● Work instruction
When you reach the line with "Naše koloběžka HOMCOM" in the records below, begin transcribing exactly and continue up to and including the line with "kids maggam Semi", leaving out every picture.
-- Working data follows --
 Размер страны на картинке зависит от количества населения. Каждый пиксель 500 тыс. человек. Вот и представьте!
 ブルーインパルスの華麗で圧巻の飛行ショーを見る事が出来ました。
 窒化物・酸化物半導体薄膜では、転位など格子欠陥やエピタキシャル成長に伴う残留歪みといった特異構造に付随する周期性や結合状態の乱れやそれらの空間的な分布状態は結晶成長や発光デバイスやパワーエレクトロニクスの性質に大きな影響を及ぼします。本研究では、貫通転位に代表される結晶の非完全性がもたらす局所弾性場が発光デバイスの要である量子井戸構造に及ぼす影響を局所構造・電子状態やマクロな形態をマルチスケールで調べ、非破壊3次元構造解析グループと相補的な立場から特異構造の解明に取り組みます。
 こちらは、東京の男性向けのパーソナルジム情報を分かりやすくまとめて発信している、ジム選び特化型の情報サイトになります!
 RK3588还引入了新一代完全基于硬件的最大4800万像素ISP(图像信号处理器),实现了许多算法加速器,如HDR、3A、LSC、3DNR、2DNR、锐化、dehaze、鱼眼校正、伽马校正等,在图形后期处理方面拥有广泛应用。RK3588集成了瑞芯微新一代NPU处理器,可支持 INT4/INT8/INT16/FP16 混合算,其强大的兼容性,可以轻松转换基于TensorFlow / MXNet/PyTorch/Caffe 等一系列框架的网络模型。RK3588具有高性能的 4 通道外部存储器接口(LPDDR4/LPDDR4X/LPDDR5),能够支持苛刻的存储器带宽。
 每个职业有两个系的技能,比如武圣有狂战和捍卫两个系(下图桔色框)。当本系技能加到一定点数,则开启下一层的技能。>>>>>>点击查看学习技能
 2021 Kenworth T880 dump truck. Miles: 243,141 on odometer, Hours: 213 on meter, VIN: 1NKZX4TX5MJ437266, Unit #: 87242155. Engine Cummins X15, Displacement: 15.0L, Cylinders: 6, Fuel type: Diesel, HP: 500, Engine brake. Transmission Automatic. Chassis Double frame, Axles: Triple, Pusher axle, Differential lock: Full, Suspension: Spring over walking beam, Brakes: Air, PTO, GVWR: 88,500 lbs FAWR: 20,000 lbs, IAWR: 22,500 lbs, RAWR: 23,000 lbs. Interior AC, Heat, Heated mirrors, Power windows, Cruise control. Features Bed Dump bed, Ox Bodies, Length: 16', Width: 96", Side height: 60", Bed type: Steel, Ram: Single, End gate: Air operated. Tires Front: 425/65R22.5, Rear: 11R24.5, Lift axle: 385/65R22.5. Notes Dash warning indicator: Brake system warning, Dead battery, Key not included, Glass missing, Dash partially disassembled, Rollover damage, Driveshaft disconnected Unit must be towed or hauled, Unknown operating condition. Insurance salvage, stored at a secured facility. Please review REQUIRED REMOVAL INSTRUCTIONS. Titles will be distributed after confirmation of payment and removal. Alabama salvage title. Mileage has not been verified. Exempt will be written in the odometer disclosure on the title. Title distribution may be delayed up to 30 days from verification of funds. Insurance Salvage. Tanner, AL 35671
-- Working data concluded --
-- Working data follows --
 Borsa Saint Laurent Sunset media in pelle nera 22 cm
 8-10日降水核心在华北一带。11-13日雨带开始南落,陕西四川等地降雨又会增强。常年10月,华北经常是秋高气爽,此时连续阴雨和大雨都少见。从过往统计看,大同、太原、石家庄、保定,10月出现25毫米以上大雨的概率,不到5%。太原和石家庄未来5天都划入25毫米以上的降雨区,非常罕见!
-- Working data concluded --
-- Working data follows --
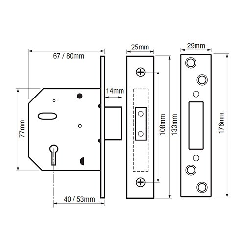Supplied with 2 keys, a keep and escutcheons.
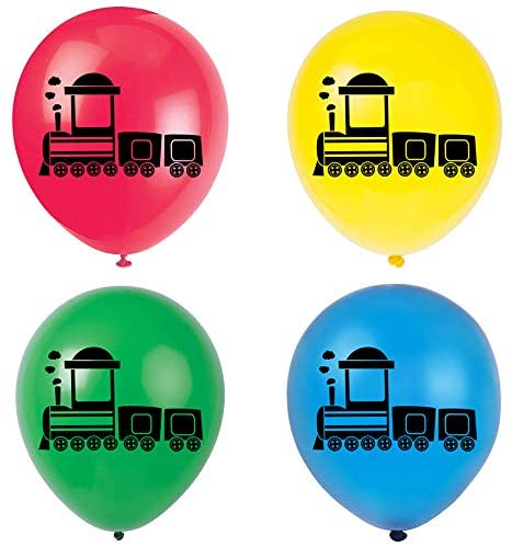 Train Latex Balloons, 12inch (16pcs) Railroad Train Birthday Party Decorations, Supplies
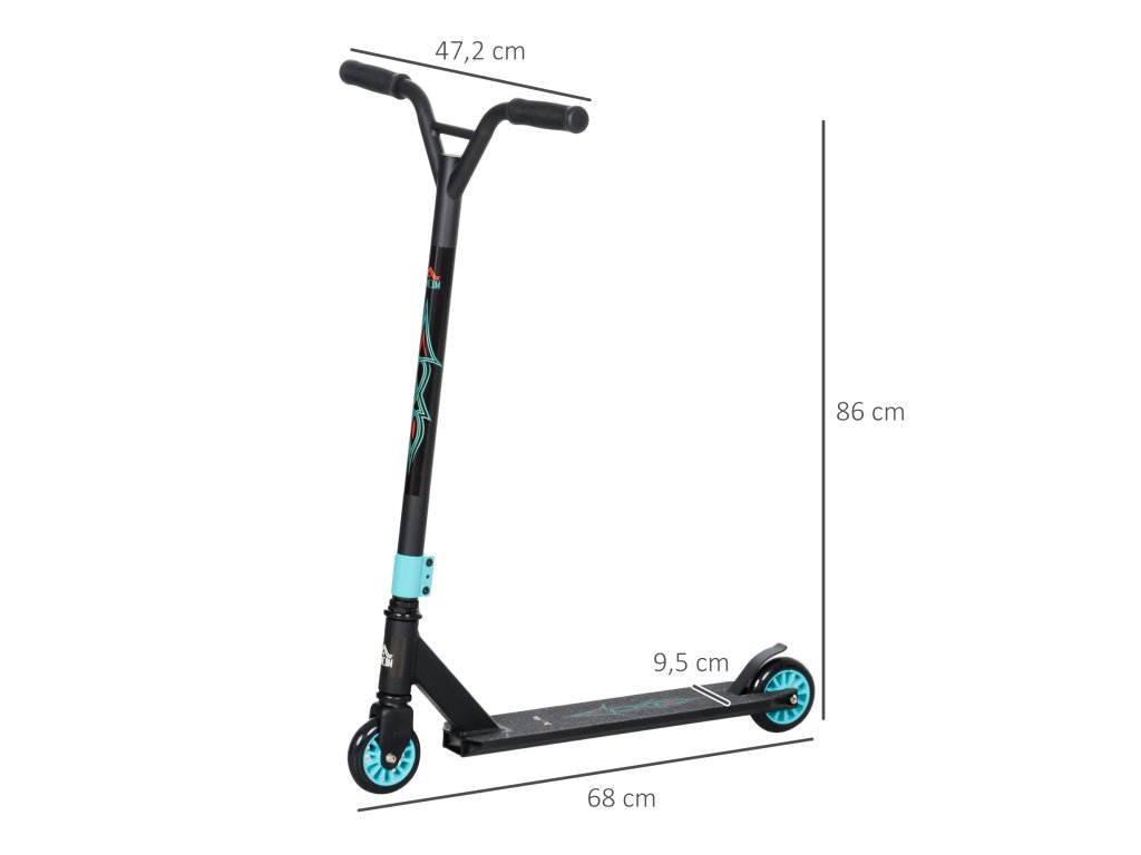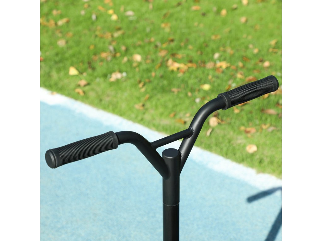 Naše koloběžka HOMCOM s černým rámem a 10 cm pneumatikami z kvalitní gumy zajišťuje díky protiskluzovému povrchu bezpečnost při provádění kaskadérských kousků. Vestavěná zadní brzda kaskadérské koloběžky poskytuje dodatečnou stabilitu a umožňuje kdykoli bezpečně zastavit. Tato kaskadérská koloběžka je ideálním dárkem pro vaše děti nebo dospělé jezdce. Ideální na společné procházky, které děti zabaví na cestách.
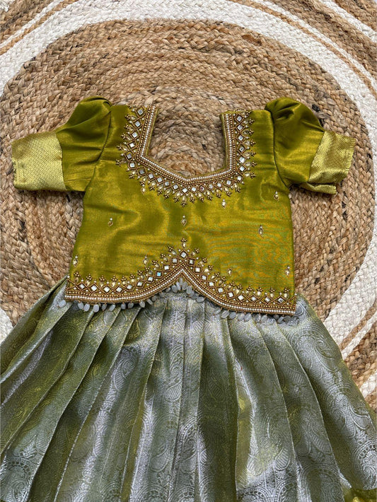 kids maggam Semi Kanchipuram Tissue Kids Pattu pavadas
-- Working data concluded --
● The completed task
 Naše koloběžka HOMCOM s černým rámem a 10 cm pneumatikami z kvalitní gumy zajišťuje díky protiskluzovému povrchu bezpečnost při provádění kaskadérských kousků. Vestavěná zadní brzda kaskadérské koloběžky poskytuje dodatečnou stabilitu a umožňuje kdykoli bezpečně zastavit. Tato kaskadérská koloběžka je ideálním dárkem pro vaše děti nebo dospělé jezdce. Ideální na společné procházky, které děti zabaví na cestách.
 kids maggam Semi Kanchipuram Tissue Kids Pattu pavadas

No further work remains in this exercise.